BRIEF.
Each line from the first entry to the line with "Siyah örgü kumaştan", both included, is to be returned unchanged, with any pictures dropped.

Collected data:
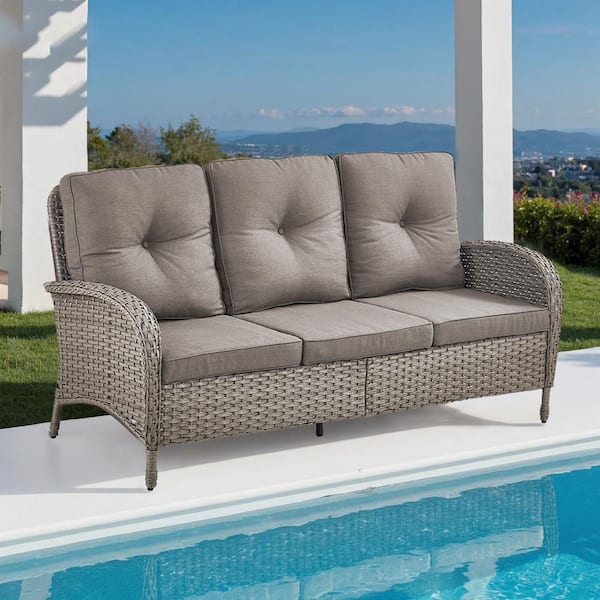 Flat armrest series 3 Seat Gray Wicker Outdoor Patio Sofa Couch with Deep Seating and Gray Cushions
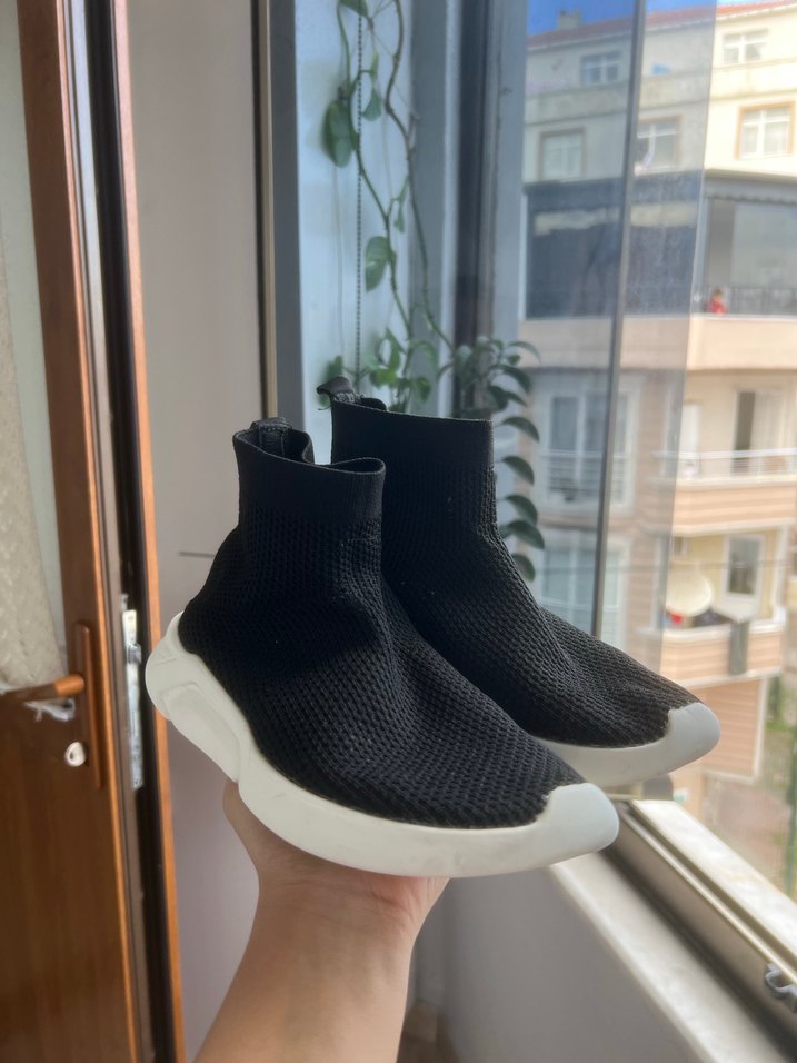 Siyah örgü kumaştan üretilmiş, stiletto topuklu ve kauçuk tabanlı kadın spor ayakkabısıdır. Trendy casual tarzlar için uygundur.
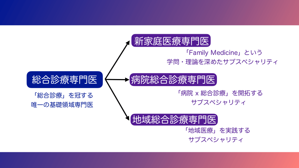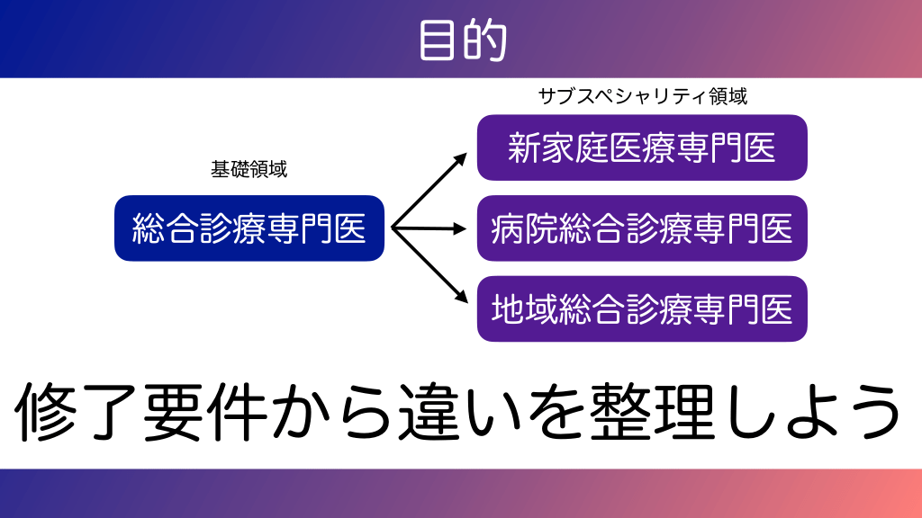 #6. 目的 サブスペシャリティ領域 基礎領域 総合診療専門医 新家庭医療専門医 病院総合診療専門医 地域総合診療専門医 修了要件から違いを整理しよう
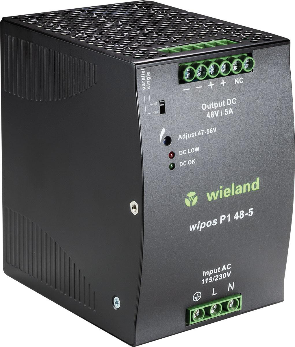 Denne Wipos strømforsyning er en 1-faset model, der leverer 18V ved 5A. Den er designet i overensstemmelse med EN61558-2-16 standarden og har skruetilslutning.
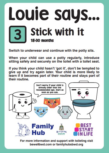 Blackburn with Darwen Public Health have created a new campaign called 'Louie says'. This is an easy to follow, 3 step programme designed for families to help take the step to your child being toilet trained. All of our staff are trained on this campaign and can support you on your journey. We have free booklets available in nursery for you to take away to help you get started. We also link with the Family Hub team at Livesey who provide toileting sessions for parents to attend. These sessions follow the advice and guidance within the 'Louie says' campaign. Health Visitors are also available to support you if you need it. Together, we can help every child achieve the milestone of toileting before they start nursery. The approach is fun and accessible to everyone. Follow the link to find out more Louie Says ... - Be Well BWD or speak to your child's Key Person.
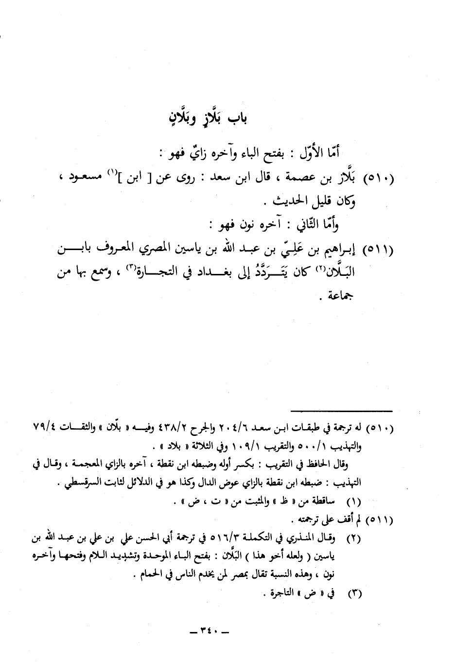 510 - بلاز بن عصمَة قَالَ ابْن سعد روى عَن ابْن مَسْعُود وَكَانَ قَلِيل الحَدِيث
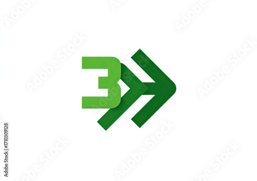 A green stylized logo featuring the number 3 and double arrow
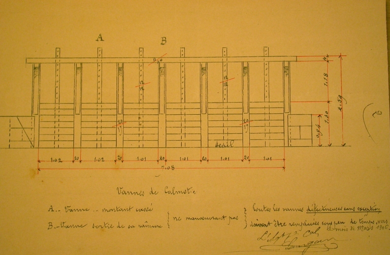 Elévation des vannes de Calmet (mars 1906).Immatriculation
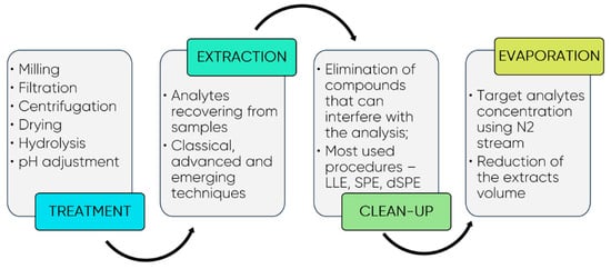 Typically, the sample pre-treatment/treatment is the most time-consuming step. It depends on sample complexity, physical state of the sample-liquid or solid, and the specific analytical needs (target analytes). Filtration, dilution, and centrifugation are procedures most related with liquid samples, whereas solid samples are usually submitted to drying (freezing with liquid nitrogen, freeze-drying, or air drying) followed by a milling or grinding process to reduce the particle size. This is important to increase the contact surface and consequently improve the extraction efficiency. The ideal procedure for sample preparation should remove potential interferents, present high recoveries and high reproducibility, be easy to automate for high sample throughput, be rugged, agree with green chemistry principles, and very importantly, should be fast and cost-effective. Figure 8 present a scheme of the strategy usually employed for the sample pre-treatment before analysis.
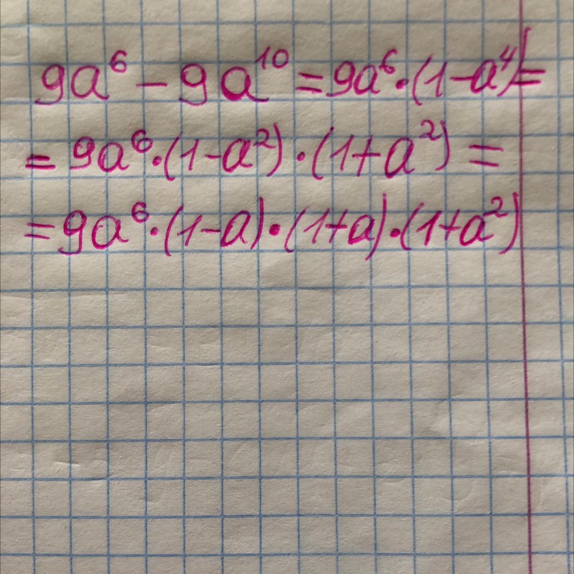9a^6-9a^10=9а^6(1-a^4)=9а^6(1-a^2)(1+a^2)
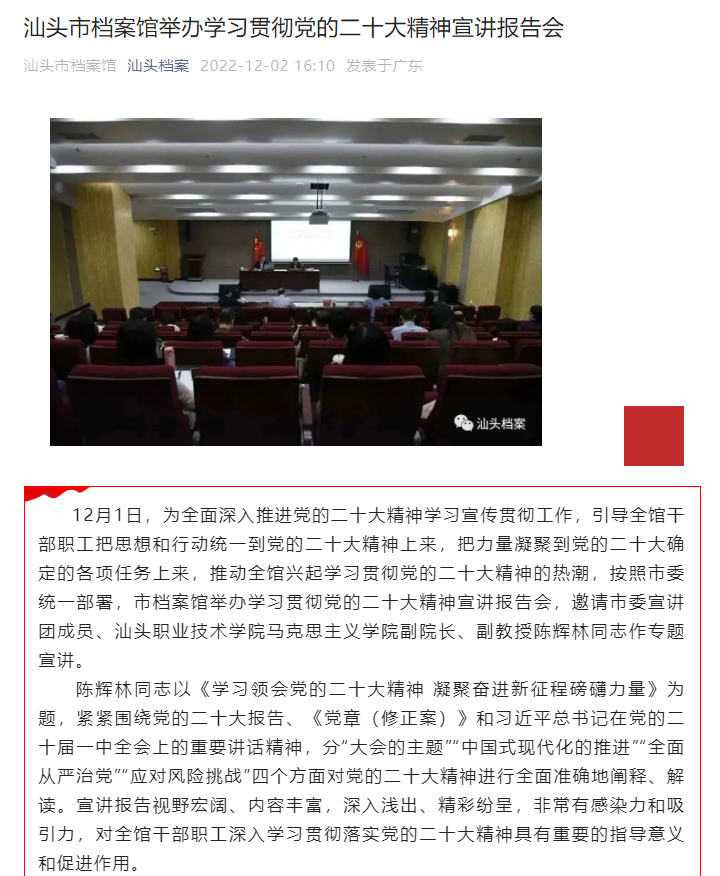 马院林文雄院长、陈辉林副院长作为市委理论宣讲团成员,先后赴濠江区宣传部、濠江区教育局、市档案馆等多个单位开展主题宣讲。两位宣讲团成员以暖心提气的话语、生动鲜活的案例、直观翔实的数据,对党的二十大精神进行了宣讲阐释,并获得好评。
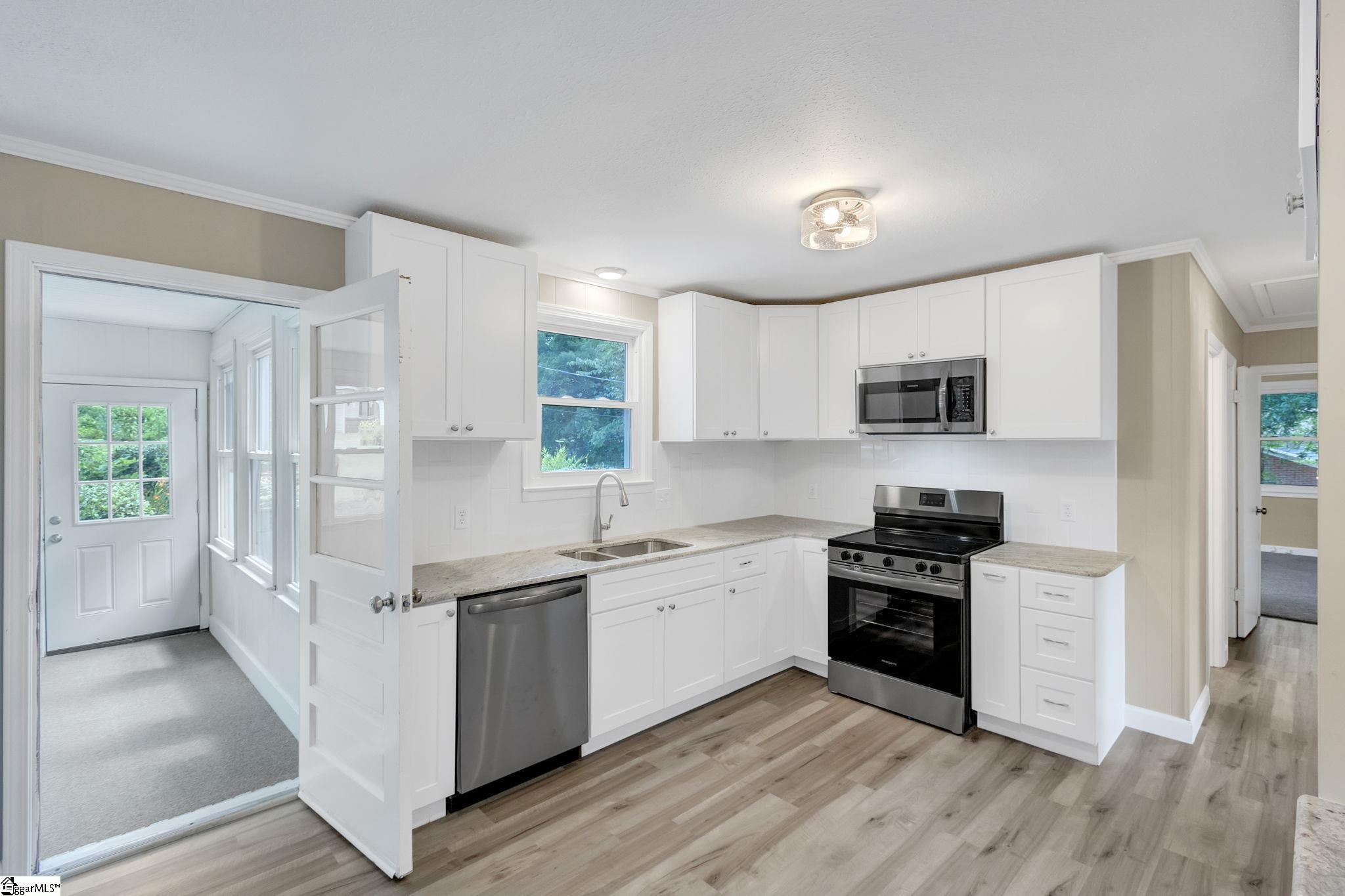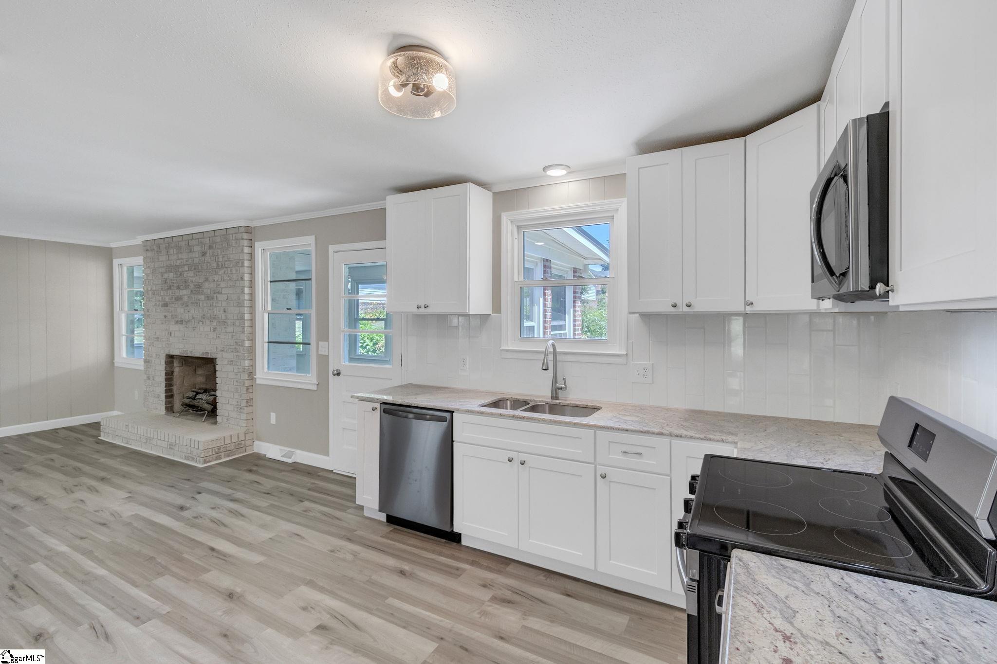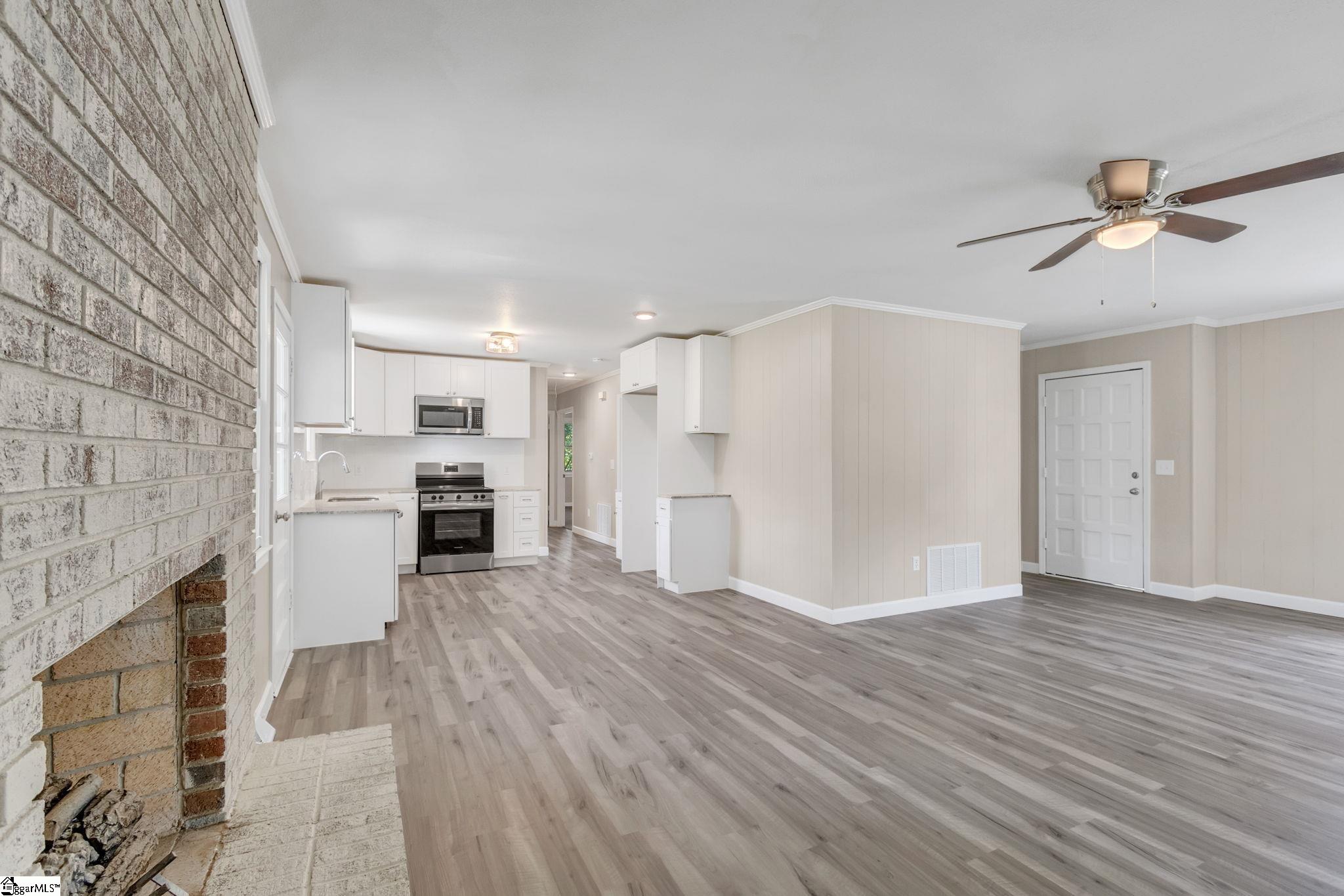 Welcome to 107 Carriage Lane! Nestled in a prime location just 4 minutes from Woodruff Rd and shopping and Southside private school, this remarkable property features a charming 3-bedroom, 2-bathroom brick home on over half an acre. Inside, you'll find a spacious living room, great room, and sunroom perfect for relaxation and entertainment. The home also includes an attached one-car garage, a 2-car open-air detached garage, and a 24x36ft workshop with an additional roll-up door. Two small sheds provide extra storage space. Enjoy the brand-new white kitchen cabinets and granite countertops though out. Upgraded luxury vinyl flooring, carpeted bedrooms, new appliances, and a fresh coat of paint complete the home. Don't miss out on this beautiful home!
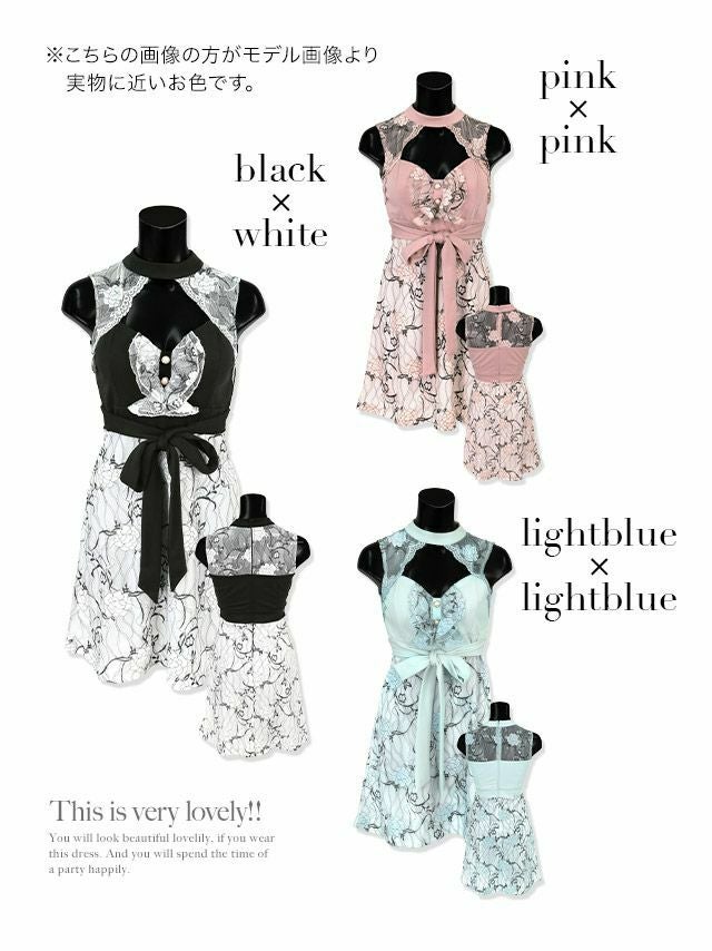 チョーカーネック風刺繍レース胸元カットリボンノースリーブハイウエスト切替フレアミニドレスのカラーバリエーション
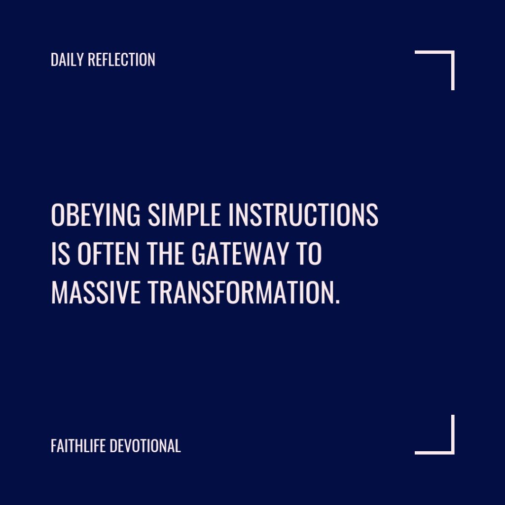 This is how God works, small steps that lead to big victories. The Holy Ghost might ask you to sow a seed, apologize to someone, apply for a job, or even take a break and rest. It may seem unrelated to the miracle you’re expecting, but that’s where faith and trust come in. Obeying simple instructions is often the gateway to massive transformation.

RESPONSE BOX.
 Flat armrest series 3 Seat Gray Wicker Outdoor Patio Sofa Couch with Deep Seating and Gray Cushions
 Siyah örgü kumaştan üretilmiş, stiletto topuklu ve kauçuk tabanlı kadın spor ayakkabısıdır. Trendy casual tarzlar için uygundur.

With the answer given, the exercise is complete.